The Penguins, outscored 20-12 in the first three games of this series, will be without Neal, who was suspended for one game by league disciplinarian Brendan Shanahan after he knocked down an unsuspecting Sean Couturier with a hard check even though the puck was nowhere nearby in the third period of Sunday’s 8-4 Philadelphia win. Later in that period, Neal also went after Claude Giroux, dazing him with a hit.
The Penguins will also be without Craig Adams, who was given an automatic one-game suspension for an instigator penalty earned in a late-game fight with Scott Hartnell. Arron Asham was given a four-game ban for his crosscheck to the face and throat of Brayden Schenn, whom he then punched after the Flyers forward fell to the ice.
The suspensions of Neal and Asham inexplicably took more than 48 hours after Game 3 to become public. Ironically, the decisions were then lost in the furor over an even more disturbing case in a spring of ugliness for the National Hockey League.
In Chicago, serial predator Raffi Torres of the Phoenix Coyotes left his feet to hit Chicago forward Marian Hossa after Hossa had made a pass in the neutral zone.
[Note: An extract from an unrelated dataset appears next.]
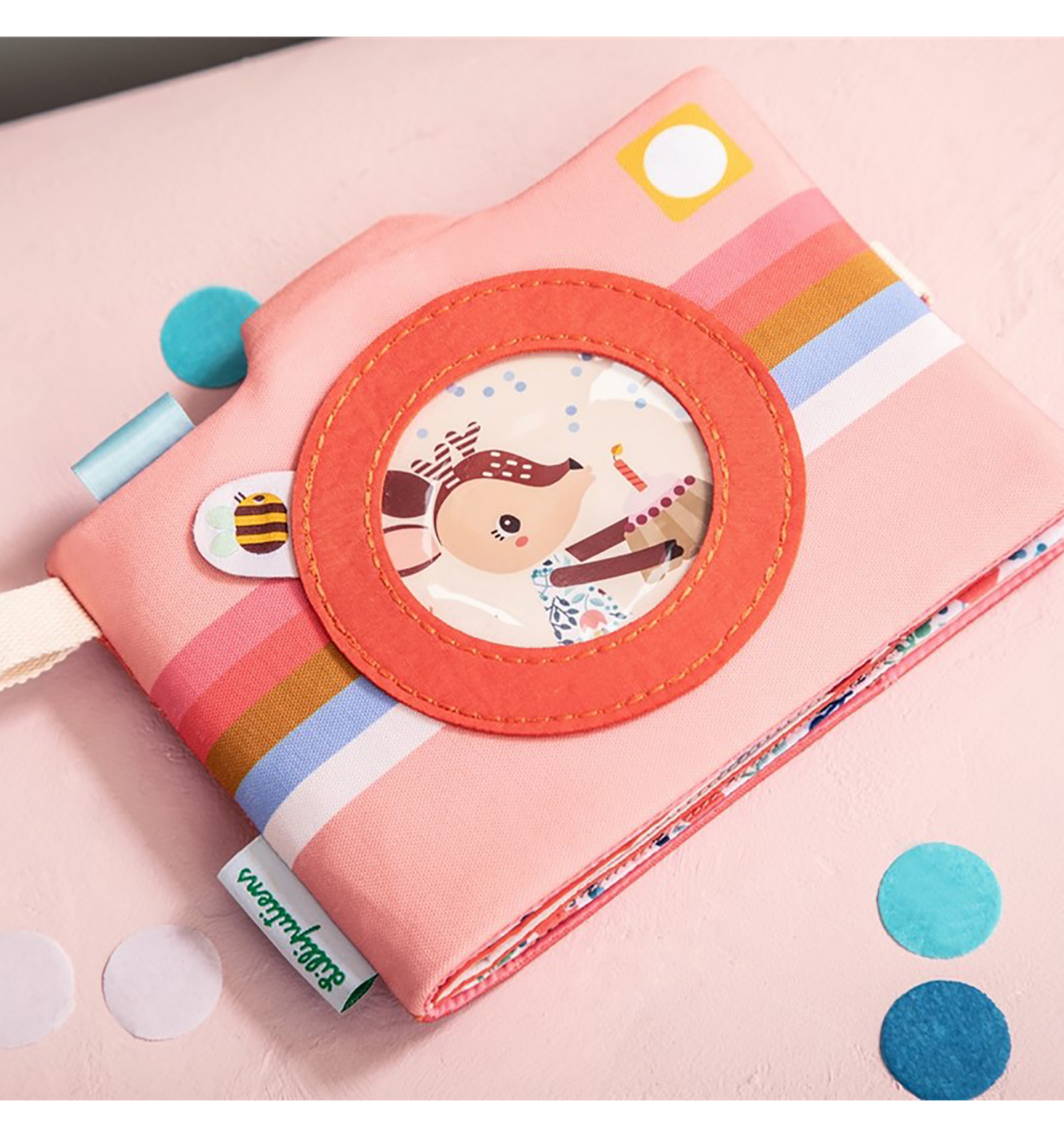 El bebé es el fotógrafo, con este colorido álbum de fotos. Poned una foto en la portada y 10 fotos más en sus respectivas fundas. De este modo, vuestros recuerdos estarán bien protegidos y a mano, para que tu bebé ejercite la vista, la motricidad, la imaginación y la reflexión. A partir de 9 meses.

Hossa lay motionless on the ice and was carried off on a stretcher.
Although it’s difficult to determine just what criteria Shanahan is using in handing down supplemental discipline in a chaotic opening week of the playoffs, the outcry around the league over player behavior and the league’s ineffectiveness at changing behavior is at a fever pitch.
The mayhem has become the story of the playoffs, blotting out terrific stories like the Florida Panthers’ come-from-behind win in Game 3 and the youthful Flyers’ domination of the Pens.
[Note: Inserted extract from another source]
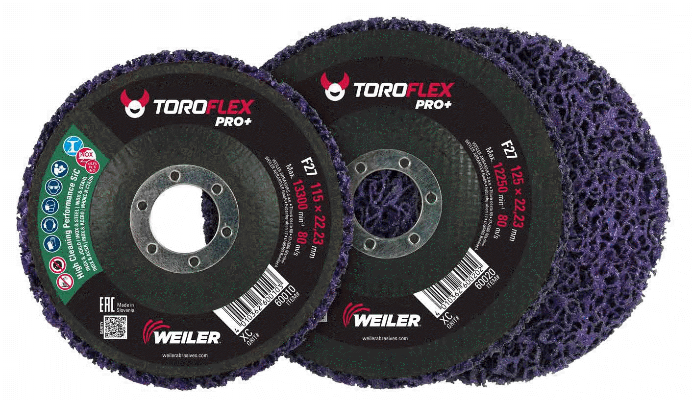Weiler Abrasives Toroflex PRO+ non‑woven strip discs offer a fast‑cleaning, long‑life solution for steel and stainless steel. Silicon carbide grains provide a high initial cut and penetration, making them ideal for cleaning hard surfaces. The ultra‑flexible non‑woven nylon fiber and resin formula creates a wider footprint that increases productivity without compromising disc life. Toroflex PRO+ SiC provides best‑in‑class material removal, ensuring a durable and long‑lasting solution for your surface cleaning needs.

At least in Neal’s case, this is a punishment that has some consequence.
One can only assume Neal will feel a pinch of remorse if he’s wearing a suit in the press box Wednesday night and his team is swept from the playoffs. Surely contributing to that embarrassing fact through his own selfish behavior by running amok, targeting defenseless Flyers players, might prompt a change in behavior.
Sadly, given the nonstop carnage of this postseason, one despairs that anyone will learn a lesson of any kind.